And here's the average number of falling trends in a random, rising trend: 

In [None]:
import math
n = 100_000
trends = []
for trial in range(100):
    trends.append(len(TrendList(rands_rising(n), reverse=True)))
print(f"average number of falling trends in a rising trend: {statistics.mean(trends)}")

What is this number?

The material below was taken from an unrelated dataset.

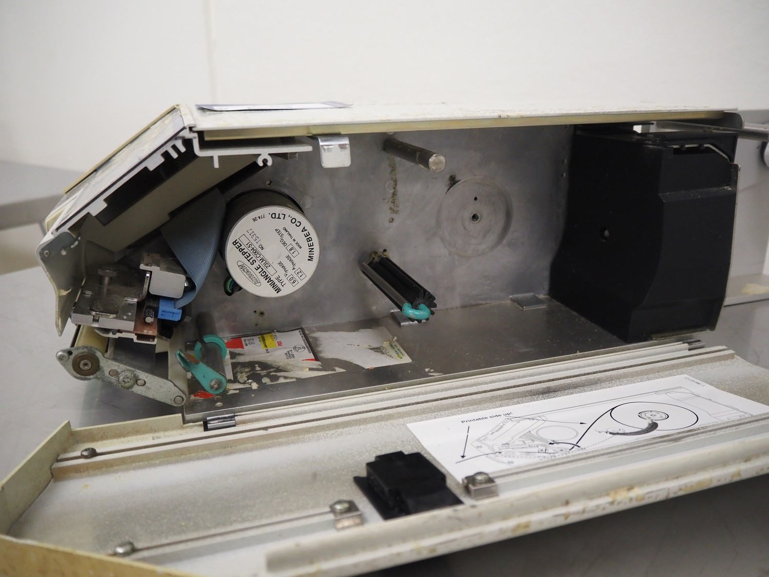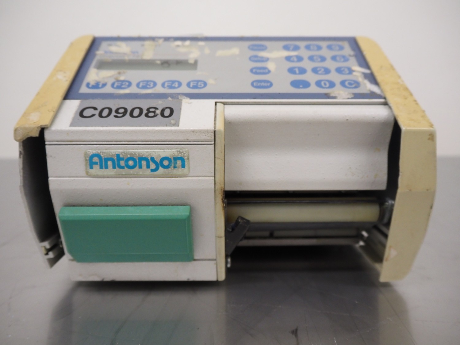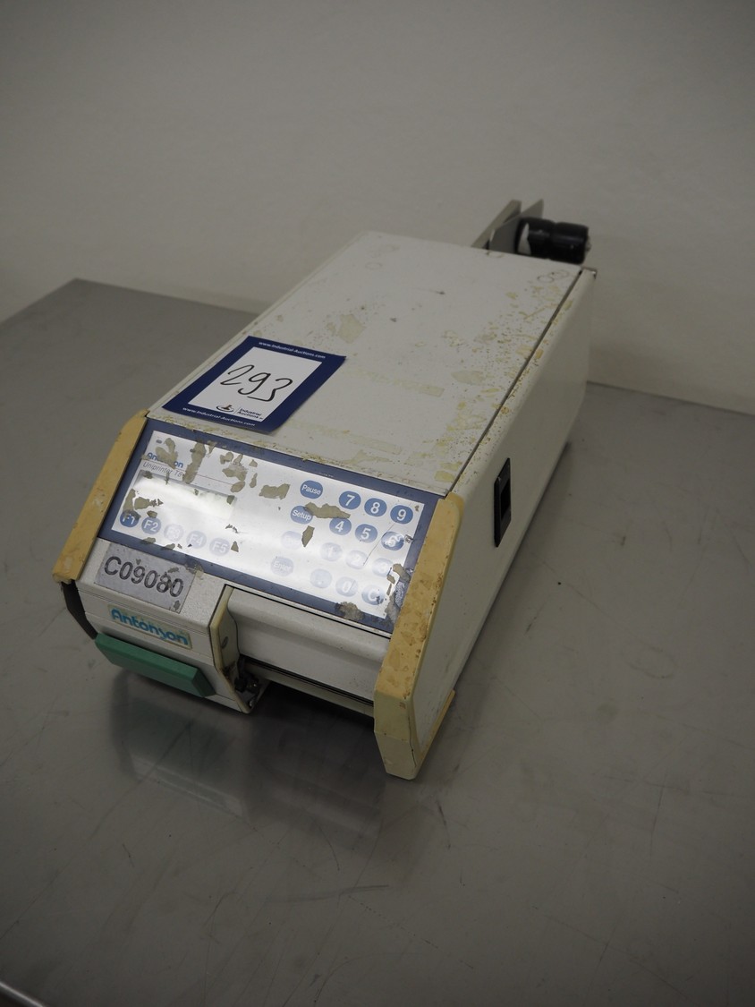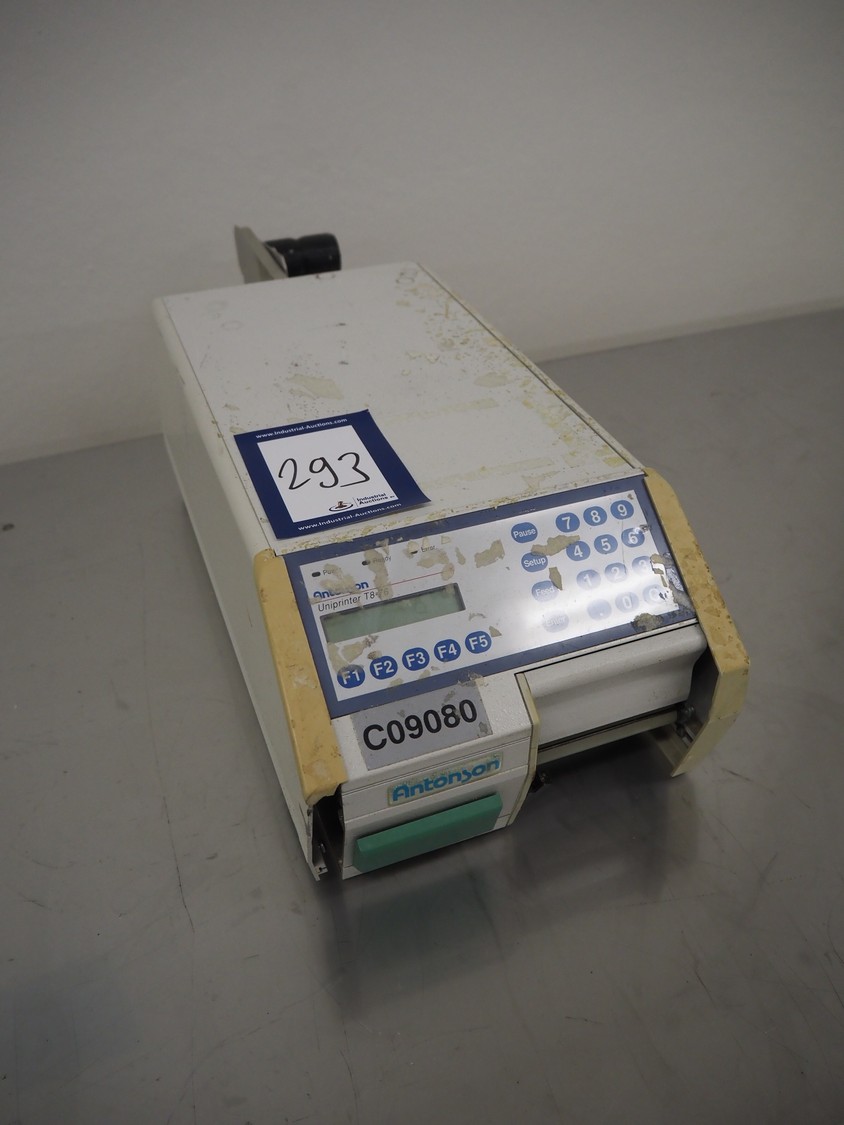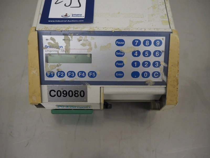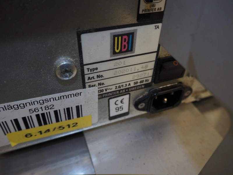 Antonson label printer, model: Uniprinter T8-76, type: 201, serial number: 29271, 230 V, 1 Ph, 50/60 Hz, 2.6/1.3 A, dimensions: 630 mm x 220 mm x 220 mm.

Where's it from?

You'd expect it to be bigger than the number in a random trend,
but how big?

## How Mean Number of Reverse Trends Rises with Sequence Length

You expect the number of reverse trends to grow with sequence length,
so perhaps it would be useful to see how it grows.
When a statistical relationship is simple, it offers predictive value: "Ah, this falling trend has 1,000 reals, that means that if I decompose it into rising trends, I expect to see ...."

Moreover, if it's particularly simple, it may offer a clue to the origin of the relationship.

You'll need a way to graph the results.

In [None]:
'''I hope there is a simpler way to do this
but for now, this works.
'''
from matplotlib import pyplot as plt
import numpy as np
import math

def slope_and_intercept(x, y):
    # fit a least-squares line
    m, b = np.polyfit(x, y, deg=1)
    # coefficient of determination = correlation ** 2
    return (m, b)

def legend(m, b, r):
    equation = f"y = {m:2.2f}*x + {b:2.2f}"
    rho_sq = "\u03c1**2"    # Unicode character for rho is U+03C1. Sadly, the font lacks superscripts.
    goodness_of_fit = f"{rho_sq} = {r**2:2.3f}"
    legend = f"{equation}\n{goodness_of_fit}"
    return legend

def annotate_graph(x, y):
    # add in a best-fit line and a legend
    m, b = slope_and_intercept(x, y) 
    r = np.corrcoef(x, y)[0,1]

    # create nparray that spans the x-space
    xseq = np.linspace(0, math.ceil(x[-1]), num=100)

    # create a legend
    graph_legend = legend(m, b, r)

    # add best-fit line and legend to the plot
    plt.plot(xseq, m * xseq + b, color="red", lw=1.5) # best-fit line
    plt.text(0, y[-2], graph_legend, color="red")           # legend in the urh corner
    

def graph(x, y, x_label, y_label, title):    
    # Create a scatterplot with a title and axis labels
    plt.figure(figsize=(10, 10))
    plt.scatter(x, y, s=10, alpha=0.7)
    plt.title(title)
    plt.xlabel(x_label)
    plt.ylabel(y_label)
    annotate_graph(x, y) # add the legend and the best-fit line
    

In [None]:
graph([1, 2, 3], [2, 4, 6], "X", "Y", "My title")

In [None]:
import math

def average_number_of_trends(n, trials):
    '''Average number of trends in sequence of length n'''
    trends = []
    for trial in range(trials):
        trends.append(len(TrendList(rands(n), reverse=True))) # reverse actually doesn't matter
    return statistics.mean(trends)

def trend_count(max_len, trials=10, points=7):
    trend_count = {}
    interval = (max_len - 1)//points
    for n in range(1, max_len, interval):
        trend_count[n] = average_number_of_trends(n, trials)
    return trend_count
    
max_len = 1000
graph(max_len, trend_count(max_len), "length", "average trend count", "Average Number of Trends")